Reproduce the data below line by line, from its first line to the line with "Cotton print fabric", both included, and nothing past that point.

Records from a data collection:
◆ ◆ ◆

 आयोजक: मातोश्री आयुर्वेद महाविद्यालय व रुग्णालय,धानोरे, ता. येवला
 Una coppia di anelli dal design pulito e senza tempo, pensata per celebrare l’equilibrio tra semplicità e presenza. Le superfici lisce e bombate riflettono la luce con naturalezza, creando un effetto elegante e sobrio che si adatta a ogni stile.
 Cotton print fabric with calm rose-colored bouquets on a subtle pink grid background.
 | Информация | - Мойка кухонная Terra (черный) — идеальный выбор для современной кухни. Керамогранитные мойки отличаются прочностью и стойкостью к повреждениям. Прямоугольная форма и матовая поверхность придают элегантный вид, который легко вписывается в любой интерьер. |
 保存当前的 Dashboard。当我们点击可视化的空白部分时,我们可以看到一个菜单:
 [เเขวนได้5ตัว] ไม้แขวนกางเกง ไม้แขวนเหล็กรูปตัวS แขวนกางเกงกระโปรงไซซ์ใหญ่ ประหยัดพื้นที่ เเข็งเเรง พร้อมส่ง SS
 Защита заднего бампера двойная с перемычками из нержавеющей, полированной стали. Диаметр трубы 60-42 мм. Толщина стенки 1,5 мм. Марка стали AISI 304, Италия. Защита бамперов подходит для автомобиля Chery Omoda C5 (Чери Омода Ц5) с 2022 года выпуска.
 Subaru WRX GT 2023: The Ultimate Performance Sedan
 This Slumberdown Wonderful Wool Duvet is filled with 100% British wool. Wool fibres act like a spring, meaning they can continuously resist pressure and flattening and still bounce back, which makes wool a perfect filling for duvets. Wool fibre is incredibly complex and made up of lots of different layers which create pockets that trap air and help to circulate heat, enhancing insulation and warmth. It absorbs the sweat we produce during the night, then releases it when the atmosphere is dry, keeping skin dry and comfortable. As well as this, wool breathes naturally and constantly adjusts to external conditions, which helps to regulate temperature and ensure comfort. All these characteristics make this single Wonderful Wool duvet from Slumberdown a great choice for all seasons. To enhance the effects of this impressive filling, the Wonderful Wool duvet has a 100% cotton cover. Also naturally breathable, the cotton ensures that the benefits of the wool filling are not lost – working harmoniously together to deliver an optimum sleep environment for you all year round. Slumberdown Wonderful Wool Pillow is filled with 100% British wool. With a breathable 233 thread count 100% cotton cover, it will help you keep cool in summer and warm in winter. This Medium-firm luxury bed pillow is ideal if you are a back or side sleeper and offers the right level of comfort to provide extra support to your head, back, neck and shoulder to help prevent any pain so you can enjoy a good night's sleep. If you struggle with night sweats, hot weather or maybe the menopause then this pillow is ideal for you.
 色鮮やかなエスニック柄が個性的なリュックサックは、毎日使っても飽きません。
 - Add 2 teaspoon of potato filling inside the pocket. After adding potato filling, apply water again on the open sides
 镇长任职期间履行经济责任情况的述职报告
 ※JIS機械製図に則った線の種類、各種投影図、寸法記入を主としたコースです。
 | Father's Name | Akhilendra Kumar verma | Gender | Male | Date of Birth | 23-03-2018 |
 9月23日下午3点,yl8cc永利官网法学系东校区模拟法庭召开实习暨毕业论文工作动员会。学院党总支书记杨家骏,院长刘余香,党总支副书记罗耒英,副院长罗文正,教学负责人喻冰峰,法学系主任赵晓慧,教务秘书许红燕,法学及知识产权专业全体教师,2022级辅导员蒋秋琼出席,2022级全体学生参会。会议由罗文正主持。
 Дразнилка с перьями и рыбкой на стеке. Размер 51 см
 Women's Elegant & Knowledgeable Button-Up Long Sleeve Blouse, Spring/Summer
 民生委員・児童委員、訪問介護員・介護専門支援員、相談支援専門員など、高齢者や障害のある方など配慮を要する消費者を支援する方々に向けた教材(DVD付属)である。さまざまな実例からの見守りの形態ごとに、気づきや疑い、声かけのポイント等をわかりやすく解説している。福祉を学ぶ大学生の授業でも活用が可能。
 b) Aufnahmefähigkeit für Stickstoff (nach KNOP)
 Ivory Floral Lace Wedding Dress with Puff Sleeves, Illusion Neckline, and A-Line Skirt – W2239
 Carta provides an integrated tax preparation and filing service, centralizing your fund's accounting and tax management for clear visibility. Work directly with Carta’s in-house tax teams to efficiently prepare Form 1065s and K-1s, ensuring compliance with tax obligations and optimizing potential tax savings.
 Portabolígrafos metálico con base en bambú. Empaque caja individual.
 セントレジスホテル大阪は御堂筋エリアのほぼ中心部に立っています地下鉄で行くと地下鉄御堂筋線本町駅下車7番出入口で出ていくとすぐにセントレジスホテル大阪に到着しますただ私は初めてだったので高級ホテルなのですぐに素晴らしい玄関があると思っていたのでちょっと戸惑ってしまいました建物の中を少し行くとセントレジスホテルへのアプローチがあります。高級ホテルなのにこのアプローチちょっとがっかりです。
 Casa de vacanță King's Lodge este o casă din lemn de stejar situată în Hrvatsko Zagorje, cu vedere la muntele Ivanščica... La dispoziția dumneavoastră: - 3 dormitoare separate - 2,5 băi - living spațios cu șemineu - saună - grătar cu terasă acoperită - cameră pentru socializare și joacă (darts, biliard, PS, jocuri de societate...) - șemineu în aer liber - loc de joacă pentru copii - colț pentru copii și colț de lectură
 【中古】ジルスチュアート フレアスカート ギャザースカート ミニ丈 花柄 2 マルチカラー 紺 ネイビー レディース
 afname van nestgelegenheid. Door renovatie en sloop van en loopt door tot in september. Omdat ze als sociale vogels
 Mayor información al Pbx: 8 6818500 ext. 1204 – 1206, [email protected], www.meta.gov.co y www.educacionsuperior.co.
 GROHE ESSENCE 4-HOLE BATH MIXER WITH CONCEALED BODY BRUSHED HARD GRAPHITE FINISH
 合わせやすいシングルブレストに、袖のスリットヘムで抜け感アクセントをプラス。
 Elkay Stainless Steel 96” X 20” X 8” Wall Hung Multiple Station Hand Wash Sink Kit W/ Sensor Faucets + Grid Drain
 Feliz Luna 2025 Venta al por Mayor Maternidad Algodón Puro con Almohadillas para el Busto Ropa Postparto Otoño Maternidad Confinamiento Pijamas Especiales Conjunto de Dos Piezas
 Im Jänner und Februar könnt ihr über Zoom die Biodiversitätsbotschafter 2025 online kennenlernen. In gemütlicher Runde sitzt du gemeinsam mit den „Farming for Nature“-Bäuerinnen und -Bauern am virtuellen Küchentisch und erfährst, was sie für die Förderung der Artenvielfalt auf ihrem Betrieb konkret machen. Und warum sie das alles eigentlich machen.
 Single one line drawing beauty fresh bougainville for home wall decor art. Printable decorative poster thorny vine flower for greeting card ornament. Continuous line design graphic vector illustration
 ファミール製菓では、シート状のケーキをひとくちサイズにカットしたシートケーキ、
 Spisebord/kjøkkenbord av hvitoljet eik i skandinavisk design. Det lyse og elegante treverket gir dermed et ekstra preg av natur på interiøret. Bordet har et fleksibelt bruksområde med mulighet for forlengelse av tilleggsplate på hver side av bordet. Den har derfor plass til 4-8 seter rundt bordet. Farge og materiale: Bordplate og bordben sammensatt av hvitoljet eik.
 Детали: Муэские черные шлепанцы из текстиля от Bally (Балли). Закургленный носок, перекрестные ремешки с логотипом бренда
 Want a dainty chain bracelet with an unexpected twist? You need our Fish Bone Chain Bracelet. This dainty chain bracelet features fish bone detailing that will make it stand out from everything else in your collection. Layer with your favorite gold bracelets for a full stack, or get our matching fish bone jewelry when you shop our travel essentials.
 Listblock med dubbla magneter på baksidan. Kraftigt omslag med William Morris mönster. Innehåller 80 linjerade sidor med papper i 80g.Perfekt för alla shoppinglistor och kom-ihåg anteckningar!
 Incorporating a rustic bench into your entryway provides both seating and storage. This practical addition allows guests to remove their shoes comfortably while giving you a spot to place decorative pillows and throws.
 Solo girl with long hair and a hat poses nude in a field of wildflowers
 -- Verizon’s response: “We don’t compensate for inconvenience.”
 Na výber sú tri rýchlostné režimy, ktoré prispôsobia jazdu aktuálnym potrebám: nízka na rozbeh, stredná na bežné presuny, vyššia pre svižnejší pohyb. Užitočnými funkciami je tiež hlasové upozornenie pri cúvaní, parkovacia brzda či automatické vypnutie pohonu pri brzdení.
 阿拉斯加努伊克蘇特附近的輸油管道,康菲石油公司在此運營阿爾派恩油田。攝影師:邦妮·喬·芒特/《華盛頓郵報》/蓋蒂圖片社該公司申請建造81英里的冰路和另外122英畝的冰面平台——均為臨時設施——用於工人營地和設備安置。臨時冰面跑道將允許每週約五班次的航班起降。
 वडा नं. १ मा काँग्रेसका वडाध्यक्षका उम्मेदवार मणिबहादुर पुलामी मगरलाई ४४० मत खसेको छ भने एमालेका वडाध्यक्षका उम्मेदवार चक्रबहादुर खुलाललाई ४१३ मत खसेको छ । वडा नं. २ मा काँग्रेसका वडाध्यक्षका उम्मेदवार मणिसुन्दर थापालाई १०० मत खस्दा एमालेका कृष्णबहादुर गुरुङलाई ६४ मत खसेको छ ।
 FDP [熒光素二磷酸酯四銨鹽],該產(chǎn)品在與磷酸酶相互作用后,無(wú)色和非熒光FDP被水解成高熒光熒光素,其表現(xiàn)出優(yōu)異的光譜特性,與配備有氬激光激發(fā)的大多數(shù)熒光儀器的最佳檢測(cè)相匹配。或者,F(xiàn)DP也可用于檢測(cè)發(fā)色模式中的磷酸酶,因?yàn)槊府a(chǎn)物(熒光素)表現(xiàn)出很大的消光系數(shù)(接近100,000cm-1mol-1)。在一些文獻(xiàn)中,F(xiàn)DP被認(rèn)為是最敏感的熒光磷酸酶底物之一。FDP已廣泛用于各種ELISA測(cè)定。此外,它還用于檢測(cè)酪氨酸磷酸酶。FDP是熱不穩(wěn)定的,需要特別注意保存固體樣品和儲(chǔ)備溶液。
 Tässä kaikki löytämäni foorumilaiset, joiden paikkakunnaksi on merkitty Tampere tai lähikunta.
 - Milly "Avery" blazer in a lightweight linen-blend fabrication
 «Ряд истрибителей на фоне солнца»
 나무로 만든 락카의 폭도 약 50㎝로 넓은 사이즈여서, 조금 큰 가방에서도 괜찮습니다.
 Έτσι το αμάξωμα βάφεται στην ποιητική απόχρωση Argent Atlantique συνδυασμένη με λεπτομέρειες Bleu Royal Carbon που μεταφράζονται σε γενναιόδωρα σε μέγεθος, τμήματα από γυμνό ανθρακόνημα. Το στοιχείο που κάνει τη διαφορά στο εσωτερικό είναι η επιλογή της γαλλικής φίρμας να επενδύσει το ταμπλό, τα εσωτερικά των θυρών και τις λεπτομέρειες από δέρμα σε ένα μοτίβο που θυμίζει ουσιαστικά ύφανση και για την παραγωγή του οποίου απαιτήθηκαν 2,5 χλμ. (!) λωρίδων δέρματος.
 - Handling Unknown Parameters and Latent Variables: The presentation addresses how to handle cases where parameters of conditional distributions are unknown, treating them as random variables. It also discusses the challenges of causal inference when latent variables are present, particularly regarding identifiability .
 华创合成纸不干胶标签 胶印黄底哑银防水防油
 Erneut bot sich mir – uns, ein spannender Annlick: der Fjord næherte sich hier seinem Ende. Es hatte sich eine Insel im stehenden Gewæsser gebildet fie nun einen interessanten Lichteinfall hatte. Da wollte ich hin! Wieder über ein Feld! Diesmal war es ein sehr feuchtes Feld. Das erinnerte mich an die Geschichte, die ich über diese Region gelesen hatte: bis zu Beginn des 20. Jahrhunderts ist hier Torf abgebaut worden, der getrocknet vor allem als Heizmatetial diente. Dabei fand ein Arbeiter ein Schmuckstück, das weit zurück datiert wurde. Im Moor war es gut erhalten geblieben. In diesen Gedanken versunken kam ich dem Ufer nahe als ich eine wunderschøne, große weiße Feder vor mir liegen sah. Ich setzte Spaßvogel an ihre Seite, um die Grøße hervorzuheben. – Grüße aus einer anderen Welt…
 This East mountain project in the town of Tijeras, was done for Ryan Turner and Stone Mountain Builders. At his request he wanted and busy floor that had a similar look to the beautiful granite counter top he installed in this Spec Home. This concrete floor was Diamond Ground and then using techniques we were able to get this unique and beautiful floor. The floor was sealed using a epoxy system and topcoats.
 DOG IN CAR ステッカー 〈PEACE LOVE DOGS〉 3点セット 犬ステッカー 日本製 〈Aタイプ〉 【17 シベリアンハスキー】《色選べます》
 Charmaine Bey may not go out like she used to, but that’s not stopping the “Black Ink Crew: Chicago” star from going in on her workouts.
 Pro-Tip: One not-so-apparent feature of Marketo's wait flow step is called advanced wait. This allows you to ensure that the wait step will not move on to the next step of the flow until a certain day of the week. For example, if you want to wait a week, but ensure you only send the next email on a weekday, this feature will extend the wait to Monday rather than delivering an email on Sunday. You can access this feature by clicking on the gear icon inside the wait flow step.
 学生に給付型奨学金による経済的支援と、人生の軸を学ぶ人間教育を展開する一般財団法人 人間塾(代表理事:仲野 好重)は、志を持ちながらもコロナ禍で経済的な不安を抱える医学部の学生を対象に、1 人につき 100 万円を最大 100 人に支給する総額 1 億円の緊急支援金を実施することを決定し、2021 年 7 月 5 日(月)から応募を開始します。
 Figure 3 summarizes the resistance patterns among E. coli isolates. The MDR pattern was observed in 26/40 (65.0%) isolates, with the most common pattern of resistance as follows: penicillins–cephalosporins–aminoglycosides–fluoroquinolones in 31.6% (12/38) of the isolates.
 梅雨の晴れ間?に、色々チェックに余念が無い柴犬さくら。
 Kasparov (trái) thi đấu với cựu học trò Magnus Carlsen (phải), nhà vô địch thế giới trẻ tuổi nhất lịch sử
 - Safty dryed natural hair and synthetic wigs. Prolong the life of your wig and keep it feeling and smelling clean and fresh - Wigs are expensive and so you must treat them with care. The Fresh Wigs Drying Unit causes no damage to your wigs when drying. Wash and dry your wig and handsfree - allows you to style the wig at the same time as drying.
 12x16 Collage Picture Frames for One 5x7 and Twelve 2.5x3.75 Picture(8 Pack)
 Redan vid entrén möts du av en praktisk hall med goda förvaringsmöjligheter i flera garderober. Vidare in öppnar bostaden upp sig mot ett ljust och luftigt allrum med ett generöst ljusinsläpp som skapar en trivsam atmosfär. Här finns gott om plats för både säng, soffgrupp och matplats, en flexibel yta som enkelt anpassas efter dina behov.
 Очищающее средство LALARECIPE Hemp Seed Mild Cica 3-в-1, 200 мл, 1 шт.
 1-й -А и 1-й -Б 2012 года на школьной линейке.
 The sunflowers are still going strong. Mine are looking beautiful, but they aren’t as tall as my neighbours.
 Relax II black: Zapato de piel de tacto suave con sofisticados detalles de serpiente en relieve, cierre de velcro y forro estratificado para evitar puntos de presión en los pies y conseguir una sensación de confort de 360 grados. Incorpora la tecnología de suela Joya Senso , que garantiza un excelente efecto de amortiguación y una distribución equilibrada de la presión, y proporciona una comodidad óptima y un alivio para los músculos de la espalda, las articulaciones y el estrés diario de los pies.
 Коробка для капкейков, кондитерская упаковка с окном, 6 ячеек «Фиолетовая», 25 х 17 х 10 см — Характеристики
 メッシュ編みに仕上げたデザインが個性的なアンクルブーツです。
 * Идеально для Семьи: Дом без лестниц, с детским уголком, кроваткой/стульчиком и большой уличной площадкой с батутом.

◆ ◆ ◆

Solution for this task:
 आयोजक: मातोश्री आयुर्वेद महाविद्यालय व रुग्णालय,धानोरे, ता. येवला
 Una coppia di anelli dal design pulito e senza tempo, pensata per celebrare l’equilibrio tra semplicità e presenza. Le superfici lisce e bombate riflettono la luce con naturalezza, creando un effetto elegante e sobrio che si adatta a ogni stile.
 Cotton print fabric with calm rose-colored bouquets on a subtle pink grid background.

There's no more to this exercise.